Having considered the pleadings and submissions of counsel, and stripped of all its side issues, the issue to be determined in this matter is whether the learned trial magistrate correctly entered summary judgment for the respondent. The application for that judgment was founded on an agreement between the parties by which the appellant conceded that having verified the accounts with the respondent, he agreed that he owed the respondent the sum of Kshs. 557,654.50 (Kshs. Five hundred fifty seven thousand, six hundred fifty four cents fifty) only. This agreement was entered into between the parties on 12th April, 2001.
It was the respondent’s case that the appellant did pay Kshs. 75,000/- on 7th May, 2001, and a further Kshs. 37,063/25 on 29th May, 2001, thereby leaving a balance of Kshs. 445,591/25 due and payable. It was in respect of this sum that summary judgment was sought and duly entered against the appellant.
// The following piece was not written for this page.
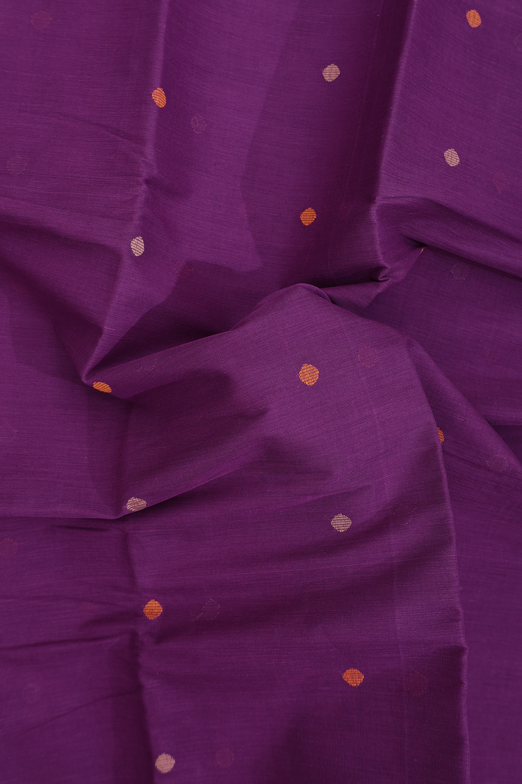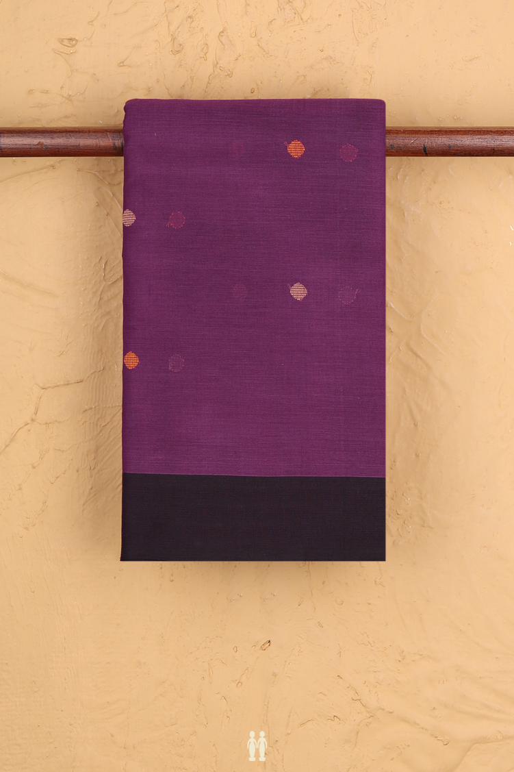 Kanchi Cotton Saree In Grape Purple With Threadwork Buttas

In his replying affidavit, the appellant deposed that in addition to the sums acknowledged by the respondent as having been paid by the appellant, the appellant made further payments which were not taken into consideration by the respondent as follows-
(a) On 31st March 2001, he paid Kshs. 178,940.00
(b) On 10th June, 2000, he paid Kshs. 89,400.00
(c) On 17th June, 2001, he paid Kshs. 69,270.00
(d) On 29th June, 2001, he paid Kshs. 65,980.00
(e) On 9th July, 2000, he paid Kshs. 67,000.00
TOTAL Kshs. 470.590.00
A simple arithmetical calculation shows that this sum exceeds the sum claimed by the respondent by Kshs. 24,998.75. If the appellant’s allegation of the above payments were truthful, he has not explained why he did not counterclaim the excess payment.
A closer examination of these alleged payments reveals that whereas the agreement on which the respondent’s claim was based was entered into on 12th April, 2001, the payments under (a), (b) and (e) above were allegedly made on 31st March, 2001; 10th June, 2000; and 9th July, 2000, respectively, all of which dates were long before the subject agreement was entered into. The appellant’s claim therefore lacks bona fides. Assuming that the remaining two payments were actually effected, they amount to a total of Kshs. 135,250.00, which would still leave the appellant indebted to the respondent in the sum of Kshs. 310,341.25. The reality of this matter, therefore, is that if the appellant’s statements are taken at their face value, then he would have overpaid the amount owed to the respondent and yet he is not asking for the excess payment. And why would he want to overpay in the 1st place? Secondly, he did not produce any receipts or other documentary evidence to demonstrate the payment. Thirdly, most of the dates when the moneys were allegedly paid fall before the date of the agreement, which renders the payments, if any, irrelevant to the agreement upon which the claim is based. On the contrary, from the appellant’s own explanation, he still owes the respondent Kshs. 310,341.25. Between the respondent’s version and that of the appellant, I would find, on a balance of probability, that the respondent’s version of the state of accounts between the parties is the more probable.
Finally, the appellant alleges that the respondent obtained from him the undertaking for the payment of the money under consideration by duress and intimidation. In my view, this can best be described as an afterthought. And, as for the issue that the respondent purported to claim for insurance services rendered, I take the view that the claim is based on a written document, and written documents speak for themselves. I therefore find that the respondent, on a balance of probability, was entitled to summary judgment, and that the learned trial magistrate rightly and properly entered that judgment.
For the above reasons, this appeal is hereby dismissed with costs to the respondent.
Dated and delivered at Mombasa this 11th day of December, 2008.